The 31,000 total private-sector jobs reported in Elmira in December was the lowest for the month since the labor department adjusted its statistical survey in 1990. While much of the balance of the nation has emerged from the 2008 recession, Elmira still appears mired in a decline, with manufacturing accounting for 1,300 of the 2,000 jobs lost in the past 10 years.
“Elmira has hit a rough patch over the past year or so,” said Christian Harris, Binghamton-based labor market analyst for the state.
Yet Binghamton, which had been a lagging since the recession, reported its second straight job December increase, ending a five-year string of losses or flat performance for the month.
Despite a continued string of losses in the manufacturing sector, the service sector picked up 700 jobs over the year.

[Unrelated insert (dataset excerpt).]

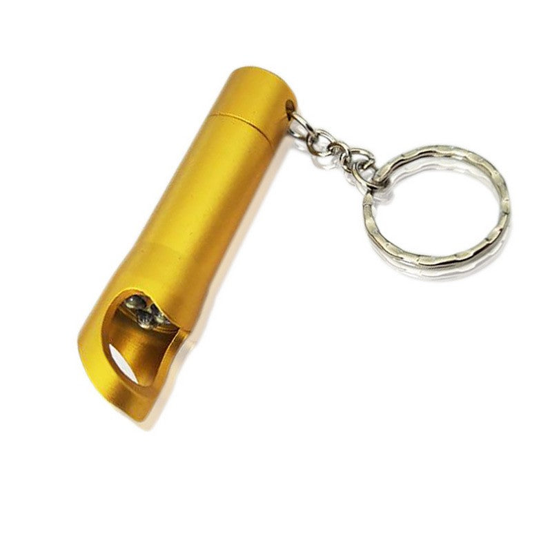 The product set key chain, flashlight, bottle opener as one, portable and practical, beautiful appearance, small and exquisite, convenient to carry around. An ideal handout for trade show, grand openings, car dealerships, safety seminars and more, it can be customized with an imprint of your company name and logo for increased brand exposure. Choking hazard – not for children under three years old. 0.63′ L x 0.63′ W x 2.68′ H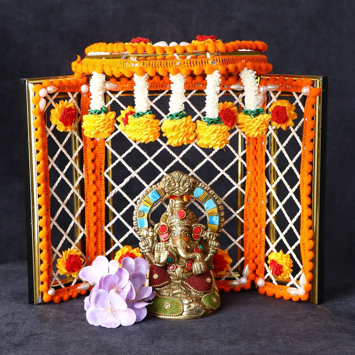 Description: On significant festivals, Phool Banglas are typically used as a decoration and a backdrop for Lord Radha Krishna and Laddu Gopal and Ganpati. These phool banglas are made by the most talented artisans in West Bengal and Uttar Pradesh. On the occasions of Ganesh Chaturthi and Janmashtami, these are widely used at pandals and mandirs as well as homes and businesses.

Total private-sector jobs in the Binghamton region — Broome and Tioga counties — was up 600 in December, while manufacturing jobs continued to contract, down at a negative 2.7 percent.
Harris said Binghamton is finally seeing a period of stability and “no strong erosion.”
Despite the recent announcements of layoffs at Sanmina, the hiring of more than 200 at the Dick’s Sporting Goods distribution center in Conklin should offset the impending losses.
Meanwhile. Ithaca’s 3.2 percent year-over-year growth in private-sector jobs makes it the state standout, as it edged Dutchess and Putnam counties as the state’s upstate leader in December job growth.
Tompkins County recorded an 1,800 job gain in year-over-year employment. As has been the trend over the past, the Ithaca increase was paced by a 1,500 job gain in the education and health services sector.
Since 2008, Tompkins County has recorded an 8,000 increase in jobs, with 6,500 of those in education and health services.
“The direction is correct,” Harris said of the Ithaca results, but he questions whether the numbers are actually slightly inflated by quirks in the labor department’s statistical survey.
Statewide, private-sector job growth of 1.4 percent trailed the national average of 1.7 percent in December.
“New York state’s unemployment rate fell over the month, from 4.7 percent to 4.6 percent,” said Bohdan M. Wynnyk, director of the New York State Department of Labor’s Division of Research and Statistics. “This was due, in part, to a decrease in the number of unemployed. Additionally, the state’s economy has added 111,700 private-sector jobs over the past year.”